I never meant to be here
Partly this was because it was unexpected. I hadn’t intended this at all. In sixth year I’d applied for four art schools, my heart set on becoming an artist for Marvel Comics (at a time when Marvel was on nobody else’s radar, certainly not the general public’s). Unfortunately assessment boards at all four had this strange notion that to study art I should be able to display at least some rudimentary skill in drawing something other than muscular men in capes beating seven shades of shit out of each other in the sky. Reader, I couldn’t.
Thus it was that I started History of Fine Art at Glasgow University, and jumped in my first week from that to Principles of Religion (studying Judaism, Christianity, Hinduism, Islam and Buddhism). While my roommate Alan immediately started playing bass in a pub band and getting paid for it, I was disoriented and dittered around various folk clubs and the odd jam session but didn’t find anyone inspiring to work with until the end of my second year.
Browsing the University student societies, I joined a group of ex (and not-so-ex) hippies called something like Society for Spiritual and Psychological Research or SPIRIT. The idea was to invite all sorts of spiritual groups to the basement meeting room and either partake of their wisdom or give them a rationalist grilling, whatever felt right on the night. I can recall a few of those nights. The Baha’i Faith brought excellent food. The Hare Krishnas were quite mind-altering but there was no doubt that the cause was the ear-splitting insistence of their finger-cymbals in a small, echoey basement. We had a session with basins and hot water where we simply washed each other’s feet (after the Biblical tradition) which, after the initial giggling subsided, became a tender and heartwarming experience. The group soon lost direction and motivation until I invited a Sufi teacher whom I’d met in Edinburgh and we happily became his Glasgow offshoot until the end of the year. He went on to set up the Salisbury Centre in Edinburgh while SPIRIT became no more than a strange memory.
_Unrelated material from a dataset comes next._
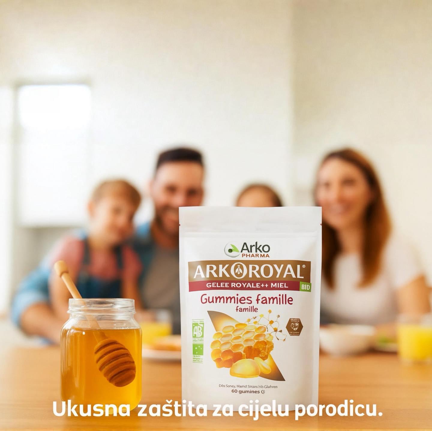 Od sada na tržištu Bosne i Hercegovine dostupan je i novi preparat Arko Royal Gumene bombone za cijelu porodicu. Konačno kompletiran proizvod koji će jačati imunitet cijele porodice, za najmlađe i najstarije. Gumene bombone sa prirodnim voćnim  pektinom,  i prirodnim okusom narandže i medom mališanima će uljepšati dan, a odraslim okrijepiti imunitet za nove borbe. Organski preparat pripremljen i proizvoden u Francuskoj, sa certifiktom organskog porijekla, kao i ostali preparati iz linije Arko Royal matične mliječi.

Alan drew to my attention a handwritten ad in some music shop saying ‘musicians wanted for a band’. We went along to a basement flat just off Byres Road and met Dave Christopher, a former music student who now wanted to create a folk-rock band. Discovering a mutual love of the Incredible String Band, we hit it off. When he played me his songs, though, I was stunned. They weren’t in the ISB space, nor in any strum-along-three-chords space I’d occupied before. Melody poured out of Dave effortlessly, the way I imagine it would if you were in a room with Paul McCartney, probably the closest style to Dave. His fingers spidered across the fretboard in ways I couldn’t follow, coaxing melodic basslines, ringing open strings and melodic twists and turns. Of course I had to be in his band.
This ate up a year. Rehearsal to me up to that point had been ‘What are the chords? Let’s play it a few times. That’s good. Next?’. With Dave and our six-piece band it was the constant layering and schooling of four-part harmonies over odd time signatures. Two or three times a week for four hours. The lineup gradually settled to two rhythm guitars, lead guitar, mandolin, bass and drums, and we got to know the songs. Dave invited some of us to add our own songs, which we did, although none of them were of his standard. I played rhythm guitar, mandolin, hand percussion and even – strange to tell, howling electric violin. We called the band Window Bill, because every time the local banks changed their hours for a bank holiday they all displayed a poster saying only ‘See Window Bill’.
Once and once only
While that would have been great marketing, it was only great marketing if it were possible for the public to actually see Window Bill. Having rehearsed for almost a year, with that intensity that only a semi-employed semi-student, semi-benefits-claimant band can, we performed our accomplished harmonies and Beatles/Steely Dan-esque songs only once, to a handful of people at an afternoon gig in secondary school in Gourock, then split up. Dave followed his dreams to London, and without his guidance the rest of us fell apart. No recordings of the band exist .
While I continued writing songs and playing in various loose affiliations over the next few years (including with Dave when he returned from London to Edinburgh) it never had that seriousness of purpose again for many years.
(Dave still lives in Edinburgh and still writes excellent music. Every few years we do a set together at a mutual friend’s party.)